**Required action**
Exact copy, no pictures: return all the data below as written.

**Information shown**
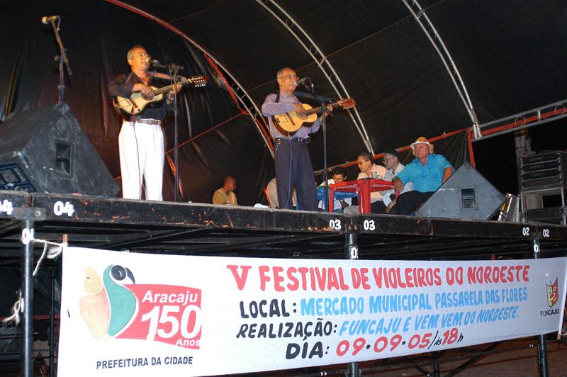 Um pouco da autêntica cultura nordestina foi demonstrada na última sexta-feira durante o V Festival de Violeiros, realizado pela Fundação Municipal de Cultura, Turismo e Esportes (Funcaju). O festival fez parte da programação da I Mostra de Cultura Popular de Aracaju. O público pôde apreciar repentes como A vida de mentiroso; Guardei dentro do cofre do presente as melhores lembranças do passado; O dever do bom cristão; Foi ela a única culpada do fim da nossa união; entre outros, que acalentaram a noite de dezenas de pessoas que compareceram aos mercados municipais. Dez violeiros de todo Nordeste dividiram-se em cinco duplas para apresentar a arte da viola. Vem Vem do Nordeste (SE) e Gilberto Alves (AL), Zé Cardoso (RN) e Fenelon (PB), Leandro (BA) e Galego da Viola (PE) mas há 35 anos radicado em Sergipe, João Bezerra (PB) e Palmeirinha (BA), e João Ramos e Caboclinho, Feira de Santana (BA). Ao final do festival todos ganharam troféus. Mas como é bom saber que ainda continua viva a prosa dos violeiros, disse a dona de casa, Luzinete Lima, 64, que saía de um supermercado próximo ao local do evento e ao perceber a festa resolveu assistir as apresentações. Trouxe a minha família para eles vêem o que é nossa cultura, frisou Carlos Braz, operador industrial. Iniciativas como esta valorizam a nossa cultura e, por certo, levará a outras entidades e empresas sergipanas e aracajuanas a investirem mais na cultura local, comentou o relações públicas, Jorge Luiz. Ele disse ainda que a população admira atividades artísticas deste nível. A prova está aqui com a presença de famílias. Dança Antes da apresentação dos violeiros, meninas da oficina de dança da cidade de Umbaúba, sob o comando da professora Cleanes, apresentaram o trabalho desenvolvido há seis meses. Segundo a professora Genalva da Cruz, idealizadora da oficina, este projeto que contempla 25 alunas de escolas públicas da cidade visa apontar para elas a cultura que está dentro de cada um... "Queremos mostrar para as estas meninas que existe outra música além das que tocam diariamente nas rádios e televisões, diz.
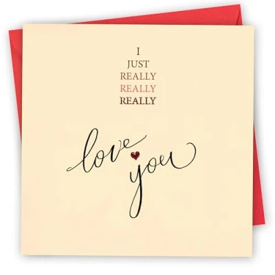 Valentines Card. I really love you Design with Red Foil 4pp 150x150mm Size. Valentine's Card Envelope. Verse Inside. Printed and Packed in UK.
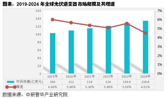 随着光伏市场需求稳步增长,以及欧美和新兴市场光伏产业迎来快速发展,全球光伏逆变器行业规模持续增长,预计2024年全球光伏逆变器行业市场规模达到136.8亿美元,同比增长4.51%。
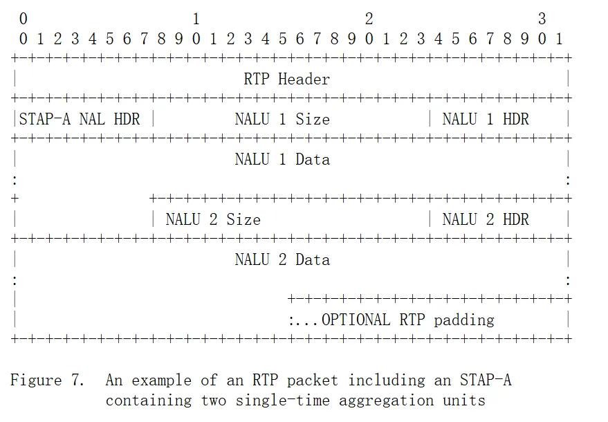 图7. 一个包含 STAP-A 的 RTP 包示例(包含两个单一时间聚合单元)

**Exercise response**
 Um pouco da autêntica cultura nordestina foi demonstrada na última sexta-feira durante o V Festival de Violeiros, realizado pela Fundação Municipal de Cultura, Turismo e Esportes (Funcaju). O festival fez parte da programação da I Mostra de Cultura Popular de Aracaju. O público pôde apreciar repentes como A vida de mentiroso; Guardei dentro do cofre do presente as melhores lembranças do passado; O dever do bom cristão; Foi ela a única culpada do fim da nossa união; entre outros, que acalentaram a noite de dezenas de pessoas que compareceram aos mercados municipais. Dez violeiros de todo Nordeste dividiram-se em cinco duplas para apresentar a arte da viola. Vem Vem do Nordeste (SE) e Gilberto Alves (AL), Zé Cardoso (RN) e Fenelon (PB), Leandro (BA) e Galego da Viola (PE) mas há 35 anos radicado em Sergipe, João Bezerra (PB) e Palmeirinha (BA), e João Ramos e Caboclinho, Feira de Santana (BA). Ao final do festival todos ganharam troféus. Mas como é bom saber que ainda continua viva a prosa dos violeiros, disse a dona de casa, Luzinete Lima, 64, que saía de um supermercado próximo ao local do evento e ao perceber a festa resolveu assistir as apresentações. Trouxe a minha família para eles vêem o que é nossa cultura, frisou Carlos Braz, operador industrial. Iniciativas como esta valorizam a nossa cultura e, por certo, levará a outras entidades e empresas sergipanas e aracajuanas a investirem mais na cultura local, comentou o relações públicas, Jorge Luiz. Ele disse ainda que a população admira atividades artísticas deste nível. A prova está aqui com a presença de famílias. Dança Antes da apresentação dos violeiros, meninas da oficina de dança da cidade de Umbaúba, sob o comando da professora Cleanes, apresentaram o trabalho desenvolvido há seis meses. Segundo a professora Genalva da Cruz, idealizadora da oficina, este projeto que contempla 25 alunas de escolas públicas da cidade visa apontar para elas a cultura que está dentro de cada um... "Queremos mostrar para as estas meninas que existe outra música além das que tocam diariamente nas rádios e televisões, diz.
 Valentines Card. I really love you Design with Red Foil 4pp 150x150mm Size. Valentine's Card Envelope. Verse Inside. Printed and Packed in UK.
 随着光伏市场需求稳步增长,以及欧美和新兴市场光伏产业迎来快速发展,全球光伏逆变器行业规模持续增长,预计2024年全球光伏逆变器行业市场规模达到136.8亿美元,同比增长4.51%。
 图7. 一个包含 STAP-A 的 RTP 包示例(包含两个单一时间聚合单元)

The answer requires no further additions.